For most businesses, a combination of network administrator skills, policy and procedure, and technology solutions are the approaches best addressing system vulnerabilities.

The IDS dream is a set of distributed systems that identify and sound alarms when systems are being attacked in real-time. Regrettably, it is easier to dream the dream than implement the system. Current IDS products are extremely valuable security tools but generally they do not deliver as much as advertised.

Network and Host IDSs
The host-based vs. network-based intrusion-detection strategy debate has been raging for some time. Currently, the consensus is moving toward a unified approach combining the two technologies.

Network-based products are built on the concept of a real-time wiretap. A sensor examines every information packet traveling through the system. These sensors apply a set of rules or attack "signatures" to the captured packets, attempting to identify hostile traffic. Basically, network IDS sensors are network sniffers with built-in, rule-based comparison engines. If a malicious packet is detected, then the network IDS sounds the alarm.

But the network IDS approach has its problems. It does not scale very well in that it has difficulty keeping up at network speeds of 100 Mbps. With gigabit network speeds arriving in business networks, these network IDS systems do not keep up with the traffic. Additionally, network IDS systems are based on attack signatures that will always be a step behind the latest vulnerability exploits. IDS product vendors have not caught up with all the known attacks, and there are new attacks announced every few days.

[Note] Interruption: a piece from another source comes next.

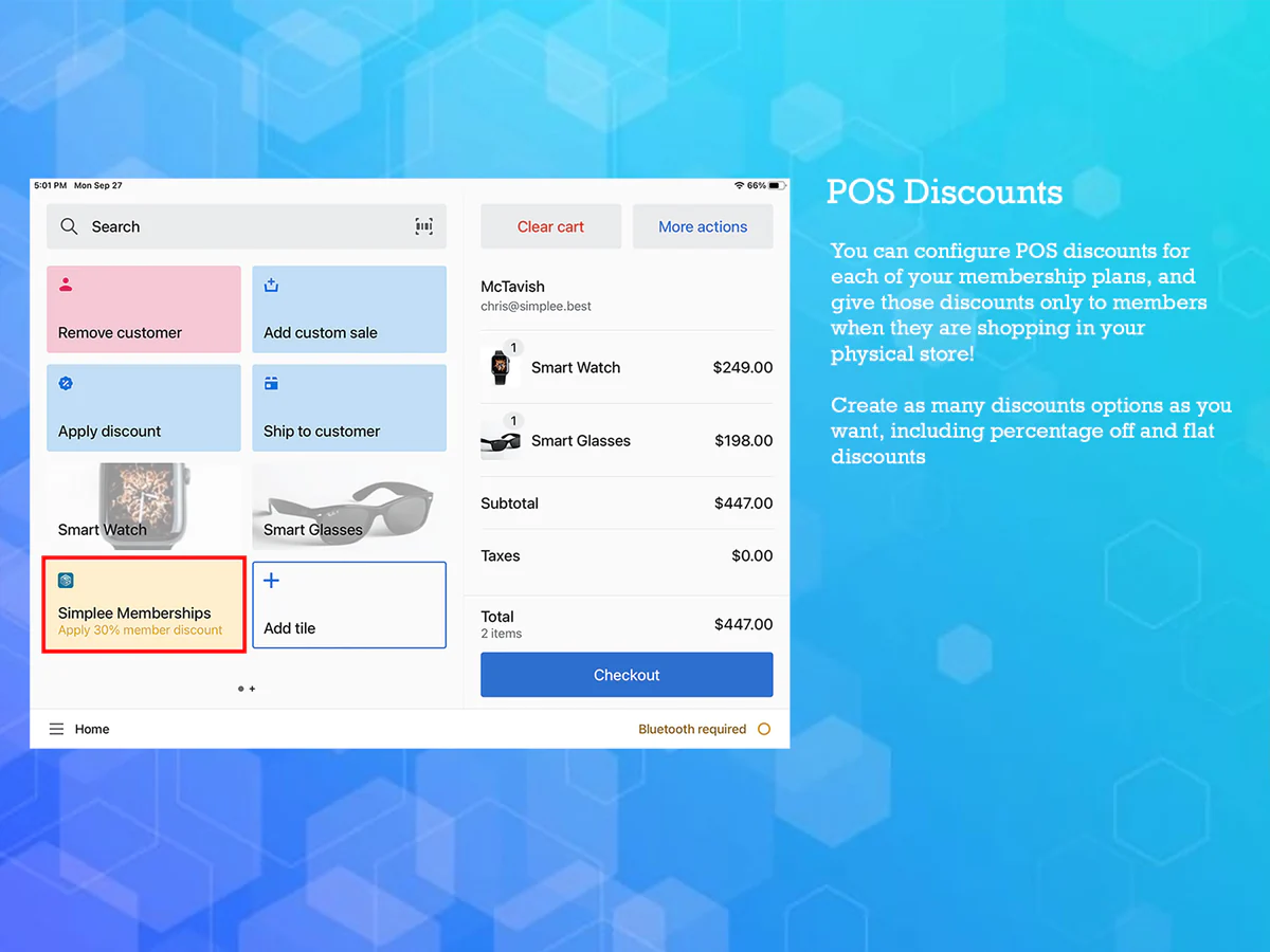 So much extra functionality : Automatic member discount codes, POS integration, failed credit card retries, free trials, setup fees, one-time payments & more!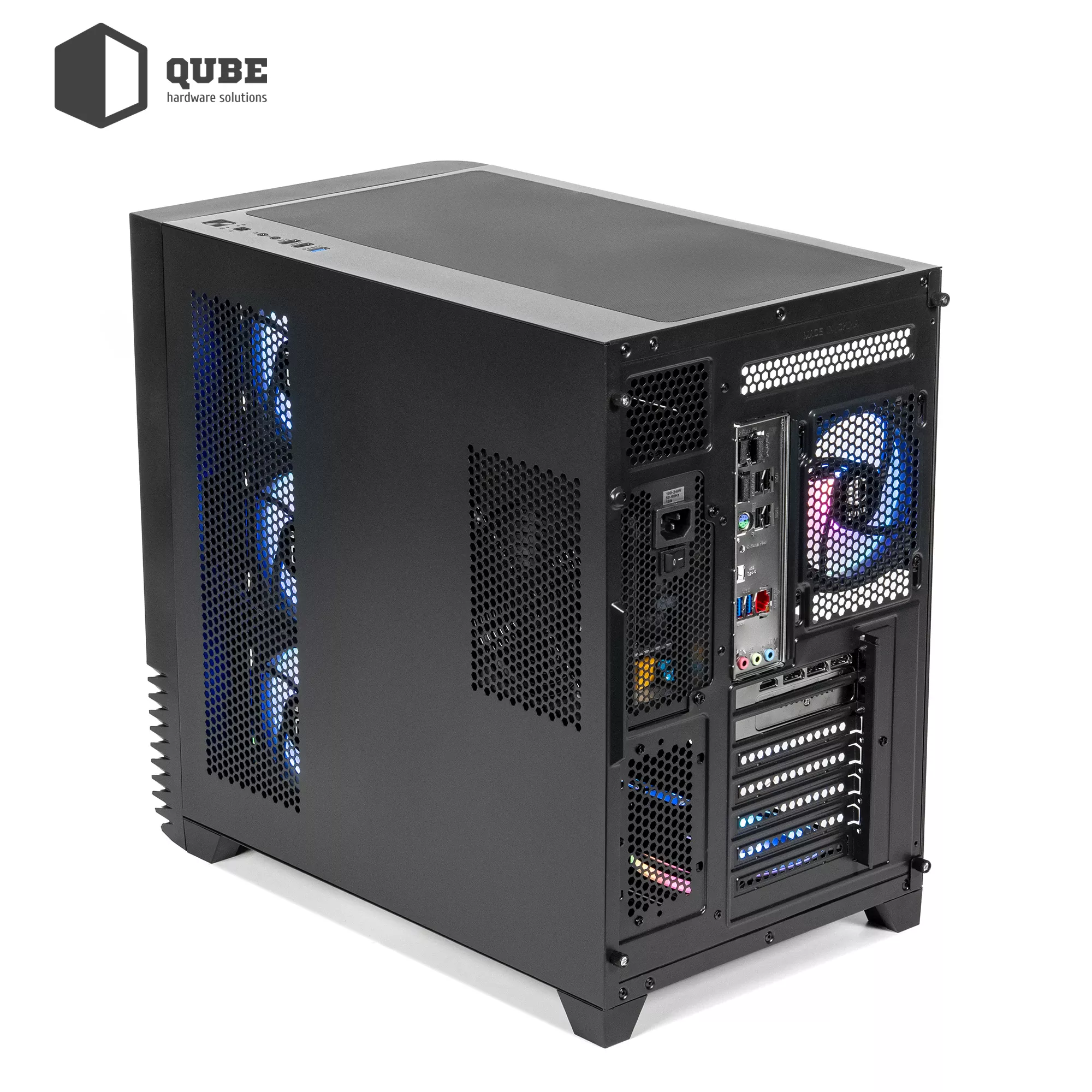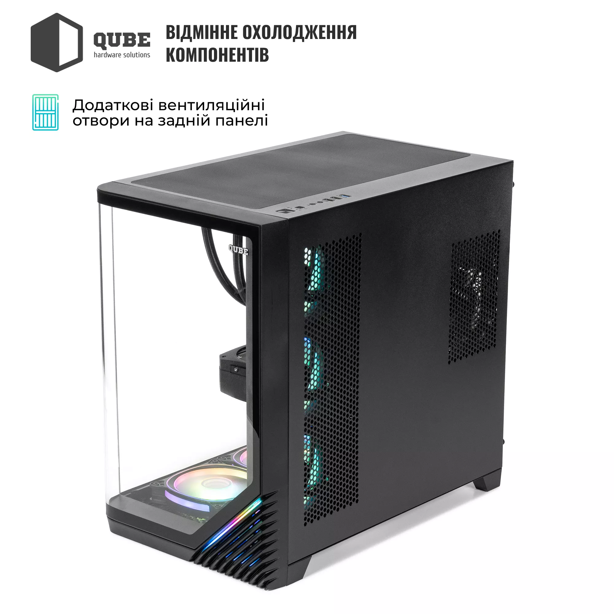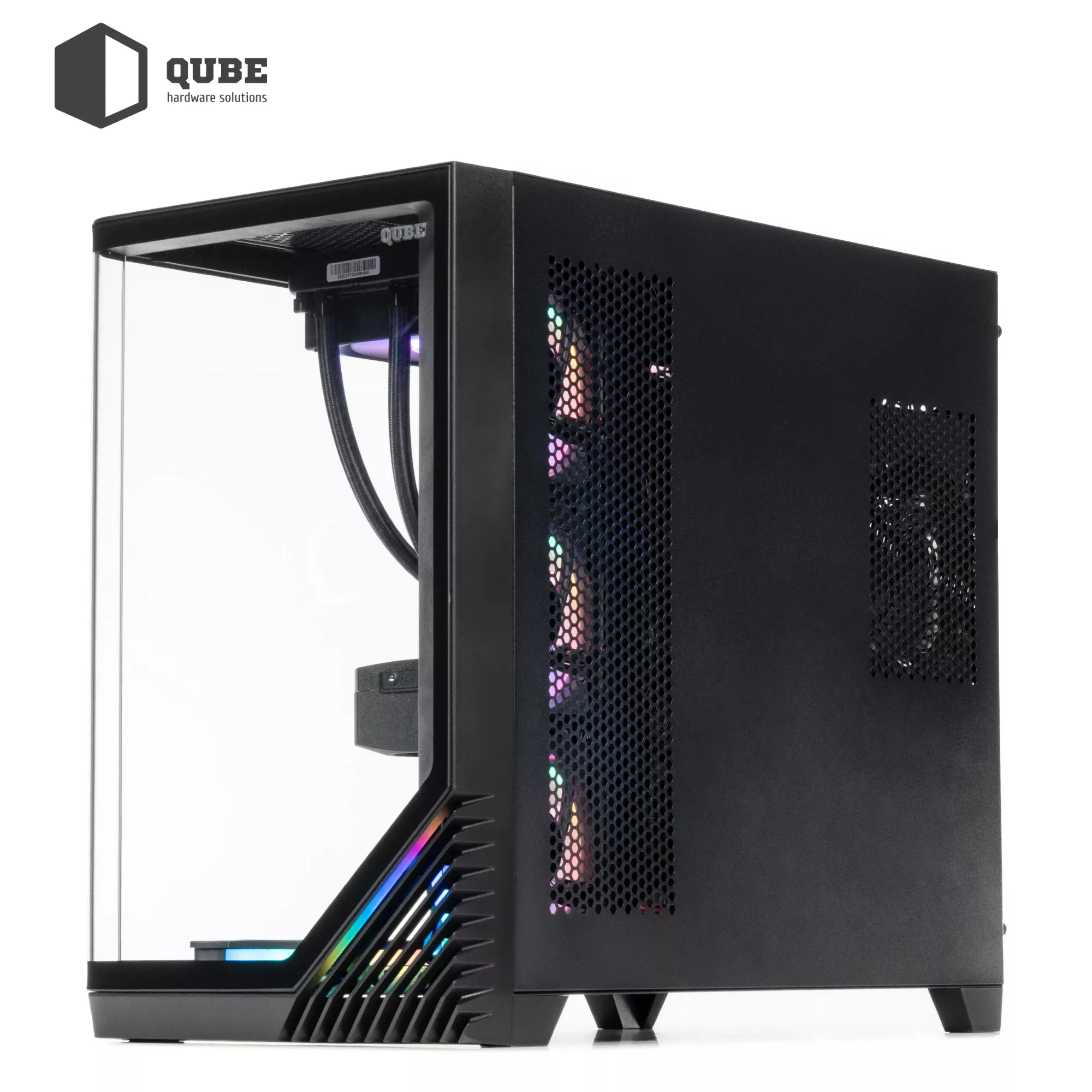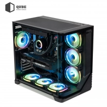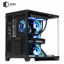 Корпус QUBE MIRAGE Black виконаний в елегантному чорному кольорі і оснащений загартованим склом товщиною 4 мм на передній і бічній панелях. Комплексна система охолодження включає 10 RGB-вентиляторів: 3 знизу, 3 збоку, 1 ззаду і 3 зверху, інтегрованих у контур водяної системи. Таке інженерне рішення одночасно покращує повітряний потік і створює виразний візуальний стиль.

Nevertheless, network IDS enjoys some advantages. The greatest feature is stealth. Network IDS can be deployed in an unobtrusive manner, with little or no effect on existing systems. Once deployed, network IDS sensors will listen for attacks, regardless of the destination.

Host-Based IDS
Host-based IDS primarily function within the system audit and event logs. In place of identifying attack-profile packets, they aim to identify known patterns of local and remote users doing things they should not be doing. One type of host IDS product produces a one-way hash of critical files located on a host. These files include user accounts, configuration, and audit operations. If anything changes in these accounts, e.g., an intruder establishes an account on the root level, then the host IDS would notify the system administrator. The host IDS cannot identify what, but it can tell the administrator that something important has changed. Host IDSs have their problems in portability. They run only on specific operation systems platforms so it is possible your favorite operation system is not on the list.

IDSs in general are incredibly useful but the hope of turning them loose on your systems and giving them control is not feasible. IDS technology is not very mature but it is getting better. It is strongly recommended that IDS technology is given serious implementation consideration. But it should be considered being used in conjunction with other critical asset preservation measures and not replace any of them.